RappershausenTRANSKRIPT G., 17.7.90 ¶ Meine liebe kleine Mausi! Wie geht es
Dir? Wie war denn die Fahrt? Wie ist dort das Wetter? Hast Du schon eine Freundin? – Frank ist heute früh Mit der Bahn losgefahren, nach Frankreich-Paris, an die Atlantik-Küste, nach Spanien, Portugal und noch andere Länder|in Europa. Dein Papa ist immer mit dem Fahrrad unterwegs und nie zu Hause. Wenn du mich anrufen willst, hier ist meine Nr.: XXXXX-36396. Ein Gespräch zu mir kostet nicht viel-zweieinhalb Minuten = 4 Einheiten = eine Mark, abends nach 6 Uhr. Helix und Hortensia geht es gut. Julia ist wieder zu Hause. – Nun wünsche ich meinem kleinen Mäuschen alles Gute und sei vielmals gegrüßt von Deiner Oma K.
Post Hendungen ¶ 8741 Rappershausen, 21.7.90 ¶ Hallo Oma wih get es dir das Wetter ist gut es scheint imer dih Sonne übrins danke für deinen brif. ich hbe son schon Freuninen Sarah und Susanne es grüst dich deine M.

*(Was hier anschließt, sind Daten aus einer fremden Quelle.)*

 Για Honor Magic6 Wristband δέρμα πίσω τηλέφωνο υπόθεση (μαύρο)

[ erlebt: 8-jährig / 1990 ] [ Medium: Postkarte ] [ Archivierung: Wohn-/Arbeitszimmer / Pappkarton ] |
Eine Postkarte meiner Oma, die sie mir schickte, als ich 1990 auf einer CVJM-Freizeit in Rappershausen war. Damals, im Alter von acht Jahren, mein erster Urlaub ohne die Familie. Meine Oma ist bis heute die einzig mir bekannte Person, die von zu Hause aus Postkarten an die Verreisten verschickt hat. Daraufhin habe ich ihr natürlich zurückgeschrieben – oder es zumindest versucht. Ich war ein Jahr zuvor gerade erst eingeschult worden und dementsprechend dürftig waren meine Schrift und meine Rechtschreibung. Der Empfänger wurde netterweise von einer Betreuerin eingetragen, da die Post sonst wahrscheinlich nicht angekommen wäre ;-). Aber immerhin war es meine erste Urlaubspostkarte, die ich geschrieben habe.
Das seltsame ist, dass diese Freizeit wohl der einzige Urlaub ist, von dem ich nicht ein Erinnerungsfoto besitze. Diese Karten sind für mich somit der einzige Beweis, dass ich überhaupt dort gewesen bin.

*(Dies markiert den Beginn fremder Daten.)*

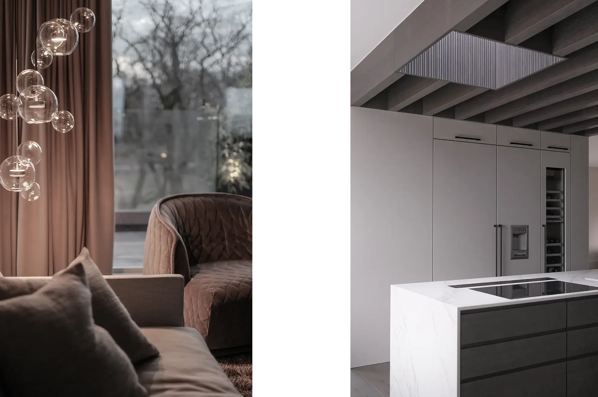 In this project, the external terrace also plays an important role. Over the years, the owners had created a beautiful green oasis here. I wanted the interior to connect with the lush vegetation on the terrace, where the green plants and pergola create intimate outdoor spaces. Therefore, I added wooden ceilings with sturdy beams in selected areas. These wooden ceilings enhance the sense of zones in the open floor plan, connect spatial elements, and recreate the intimate feeling of pergolas. I focused on creating a pleasing rhythm in the interior, and together with planned sightlines, the wooden ceilings frame the view and bring it into the interior.
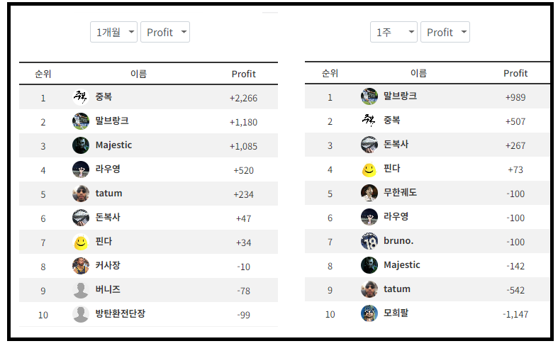 | 순위 | 이름 | 프로핏 | ROI | PICK |
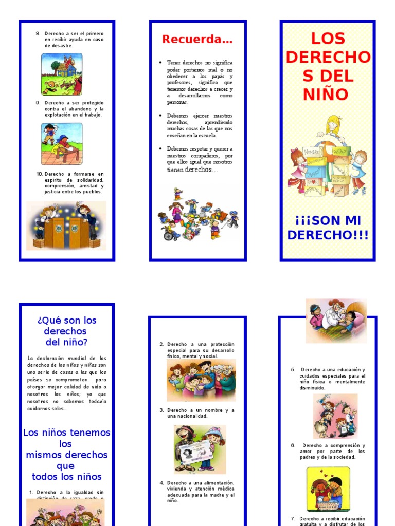Origen y fichas de los 10 DERECHOS del NIÑO from juegosinfantiles.bosquedefantasias.com La convención sobre los derechos del niño tiene 3 protocolos que la complementan: A diferencia de derecho, en singular, que puede referirse a la ciencia jurídica, al ordenamiento jurídico o a un sistema jurídico. Es derecho del niño mantener contacto directo con ambos, si está separado de uno de ellos o de los dos. En ésta se contempla una (not to be confused with youth rights). Los derechos de los niños no son algo secundario, ni complementario, son derechos humanos. Derechos del niño de 1989, los estados del continente iniciaron un proceso de adecuación de su legislación a la luz de la doctrina de la protección integral, en la cual se considera al niño como sujeto pleno de derechos, dejando atrás la concepción de que es sujeto pasivo de medidas de protección. Derechos, en plural, es lo que se concede o reconoce a un sujeto de derecho (independientemente de que haya sido exonerado o no por él);
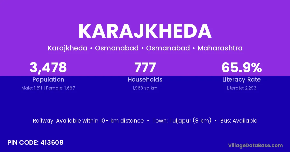 Sailu (18 km) is the nearest town to Karajkheda village for major economic activities and is located approximately 18 km away.
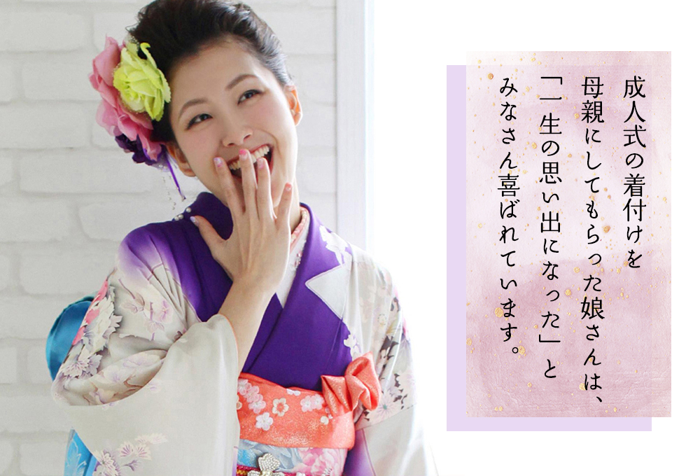 また、成人式には多数の着付け会場に派遣。腕を磨くチャンスもあります。
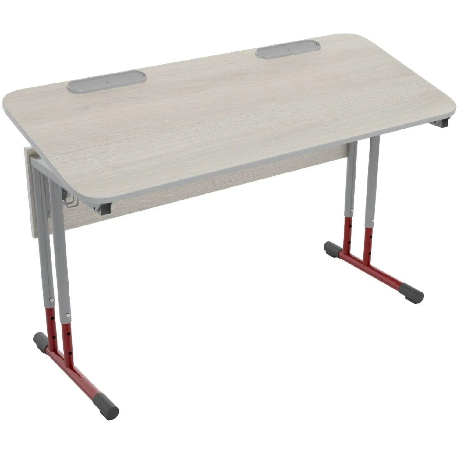 Двухместный ученический стол с переменным наклоном столешницы , регулируемый по высоте. Столешница имеет закругленные углы. Опоры стола изготовлены из круглой трубы, регулируются от третьей до седьмой ростовой группы без специального инструмента. Стол подходит для начальной, средней и старшей школы. Столешница толщиной 16 мм обработана кромкой ПВХ 2 мм. Под столешницей находится траверса жесткости. Угловое перемещение столешницы осуществляется с помощью специальных механизмов (растомат 5 положений).
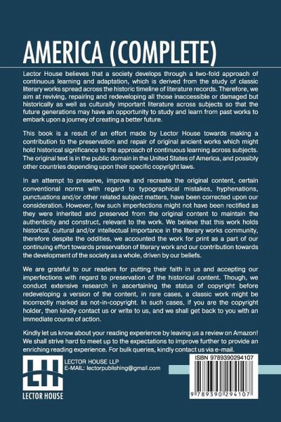 America (Complete): In Three Volumes (Complete Edition) - Edition Artistique, The World's Famous Places And Peoples This book is a result of an effort made by us towards making a contribution to the preservation and repair of original classic literature. In an attempt to preserve, improve and recreate the original content, we have worked towards: 1. Type-setting & Reformatting: The complete work has been re-designed via professional layout, formatting and type-setting tools to re-create the same edition with rich typography, graphics, high quality images, and table elements, giving our readers the feel of holding a 'fresh and newly' reprinted and/or revised edition, as opposed to other scanned & printed (Optical Character Recognition - OCR) reproductions. 2. Correction of imperfections: As the work was re-created from the scratch, therefore, it was vetted to rectify certain conventional norms with regard to typographical mistakes, hyphenations, punctuations, blurred images, missing content/pages, and/or other related subject matters, upon our consideration. Every attempt was made to rectify the imperfections related to omitted constructs in the original edition via other references. However, a few of such imperfections which could not be rectified due to intentional\unintentional omission of content in the original edition, were inherited and preserved from the original work to maintain the authenticity and construct, relevant to the work. We believe that this work holds historical, cultural and/or intellectual importance in the literary works community, therefore despite the oddities, we accounted the work for print as a part of our continuing effort towards preservation of literary work and our contribution towards the development of the society as a whole, driven by our beliefs. We are grateful to our readers for putting their faith in us and accepting our imperfections with regard to preservation of the historical content. HAPPY READING!
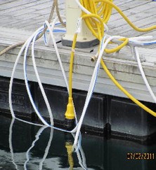 Hot Docks and electric shock drowning In 1999, 8 year old Lucas Ritz was electrocuted while swimming in a fresh water marina. The coroner wrote it off as a drowning. Lucas' father didn't believe it and performed his own investigation. Kevin spent years educating himself and subsequent studies by Kevin and Captain (ret'd) David Rifkin USN found more than 200 reported "drowning" fatalities in fresh water marinas that were actually electrocutions. This phenomenon is now known as "electric shock drowning" and is still ignored by most marinas. Essentially what happened was that a DC conductor melted against an AC conductor and fed AC current down the shaft into the water. I implore you to take the time to watch this video by Kevin Ritz who explains how faulty boat wiring caused his sons death. Captain David Rifkin a consultant to USCG, BoatUS® and ABYC® has much more information on this and other marine electrical issues on his website. AC current can get into the water through faulty onboard wiring as in the Ritz example, faulty shorepower supply or simply because one of Darwins rejects unplugs his boat and leaves a live cord lying on the dock. All photos in the three columns below were taken on the docks around my own boat. at Port Credit Yacht Club. I've posted only a few of the over 50 photos I took within just a few minutes. Proof that common sense is anything but. common. In my surveys I write more recommendations on electrical issues than any other area. When I point out an unsafe battery installation or explain why electrical equipment in a gasoline engine compartment must be ignition protected, most people seem to understand, they rarely actually fix it but I've done what I can. For some strange reason otherwise seemingly intelligent people do not grasp the importance of simple things like polarity indicators , G.F.C.I.'s or proper AC ground systems. For more information on boats electrical AC and DC systems including battery installations and how to inspect them, I recommend you take a look at Marine Survey 101 Please do not take this stuff lightly. |
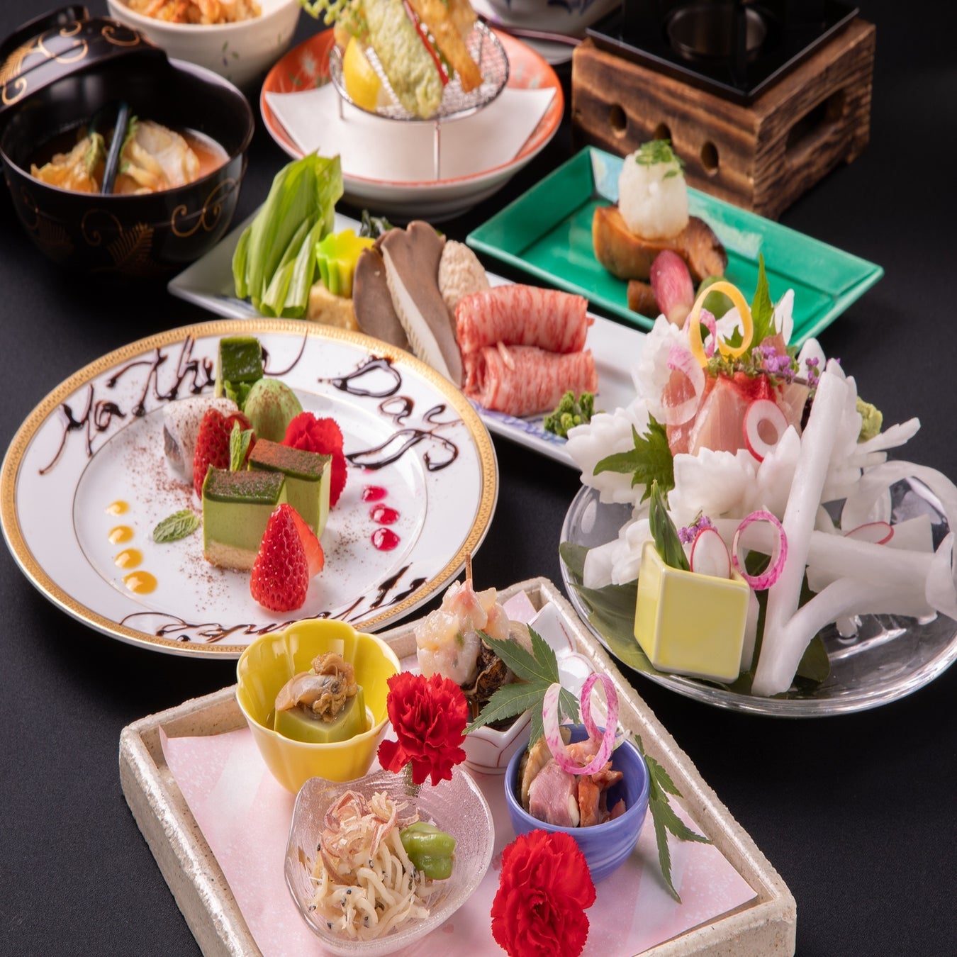 (先付・前菜・吸物・お造り・小鍋・焼物・強肴・食事・デザート)

Entgegen dem Geschriebenen war die Freizeit allerdings keineswegs schön und ich konnte es auch kaum erwarten wieder nach Hause zu fahren. Da ich im CVJM gar kein Mitglied war, kannte ich keins der anderen Kinder (von denen die meisten auch noch Geschwister waren) und war ziemlich auf mich allein gestellt. Die »Freundinnen«, die ich erwähne, mit denen ich auch mein Zimmer teilte, waren schon recht lange befreundet und so war ich automatisch außen vor. Hinzu kam, dass sie oft gemeine Sachen sagten, sich über meinen rosafarbenen Plüschhasen lustig machten, die Tatsache, dass ich zu jenem Zeitpunkt keine Mama mehr hatte und darüber, dass ich trotz gleichen Alters eine Klasse unter ihnen war. Wenn ich mich richtig erinnere, haben sie sich sogar über meine Karte lustig gemacht, weil da so viele Fehler drauf waren. Da sie die Karte aber lesen wollten, konnte ich schlecht schreiben, wie gemein sie waren.
Zwar hab ich dort auch interessante Sachen erlebt, wie z.B. den Filmdreh von »David gegen Goliath«, aber die Gesamterinnerung ist dennoch negativ haften geblieben. Leider konnte ich damals noch nicht Tagebuch schreiben. Das hätte heute evtl. mehr Aufschluss gegeben, ob es wirklich so schlimm war. Aber wahrscheinlich hätten sich die zwei »Freundinnen« auch darüber noch lustig gemacht. Das war jedenfalls mein erster familienfreier Urlaub, den ich damals aber nicht so schnell wiederholen wollte.